In a statement released Tuesday morning, she said her decision is based on her belief that the state’s Democratic Party “no longer espouses the values my constituents and I hold dear.”
“I want you to be the first to know that my decision isn’t meant to disparage anyone who identifies as a SC democrat, but the SCDP’s ‘party-focused’ approach doesn’t work for the people,” she said. “And if it doesn’t work for you, it doesn’t work for me.”
McLeod ran unsuccessfully to unseat Republican Gov. Henry McMaster in Novermber. She lost the nomination of her party to former First District Congressman Joe Cunningham.
McMaster defeated Cunningham with 56% of the vote and will be sworn in to serve his second full term Wednesday in Columbia.
“My parents taught us to always vote for the person whose vision and values were most aligned with ours. I’ve stayed true to that by working with and supporting honest, compassionate, empathetic servant-leaders of both parties,” McLeod said in an email. “But, after fighting Republicans and Democrats for the past 12 years…it hurts to admit how often I’ve had to fight my own party, just to help my own people.”
She says while she has run as a Democrat, she has served her diverse constituents “with integrity and independence,” which she says has often put her at odds with the state’s Democratic Party establishment.
“As the first woman to represent House District 79, first woman and African-American to represent Senate District 22 and first black woman to run for governor of SC, my mission is to advance a ‘people-focused’ platform that genuinely improves lives, since I’m now even more enlightened about the true state of our state and why so many of us lack the representation and resources we need to thrive here,” she said.

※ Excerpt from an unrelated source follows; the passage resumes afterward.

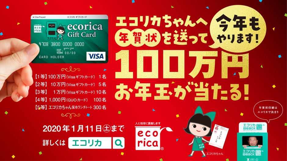 今年もやります! 「エコリカちゃんへ年賀状を送って100万円お年玉が当たる!」 キャンペーン実施中!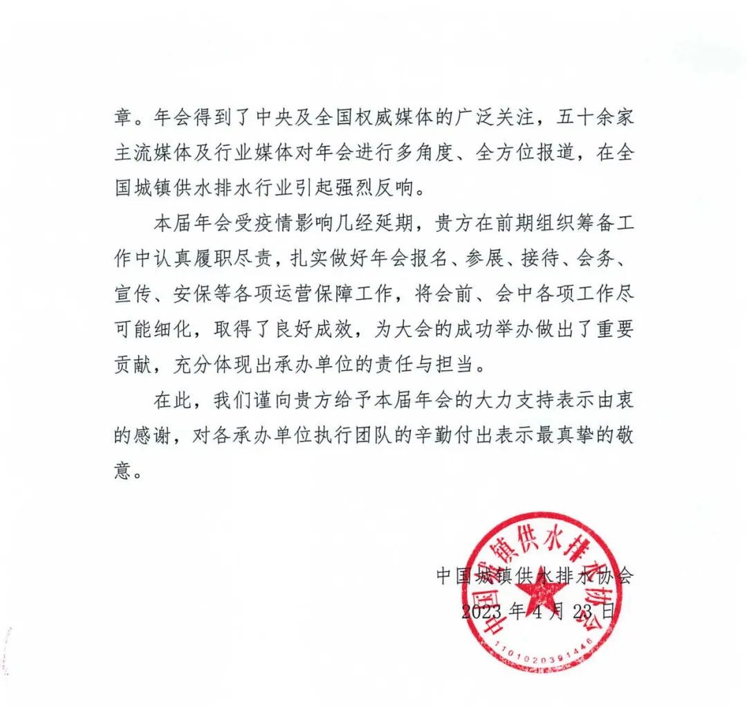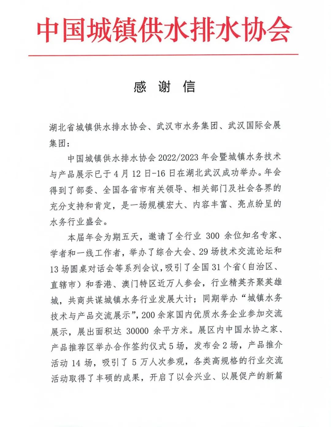 近日,主办方中国城镇供水排水协会特发来感谢信,对武汉国际会展集团扎实的工作、做出的重要贡献、展现出的责任与担当,表示由衷的感谢和最真挚的敬意。

She criticized the party, which she accused of failing to make “any significant changes” and failing to win a state gubernatorial race for 20 years.
“By not engaging, enlightening or expanding the electorate…refusing to publicize the June Primary and getting a historical top of the ticket ‘shellacking’ on November 8, the party ensured a Republican super-majority and the losses of eight Black legislators in the S.C. House, five of whom were black women,” McLeod said.
She vowed to remain a “strong voice” in government that is “authentic, bold and courageous” and who will not be “blinded by party loyalty, silent on critical issues or content with the status quo.”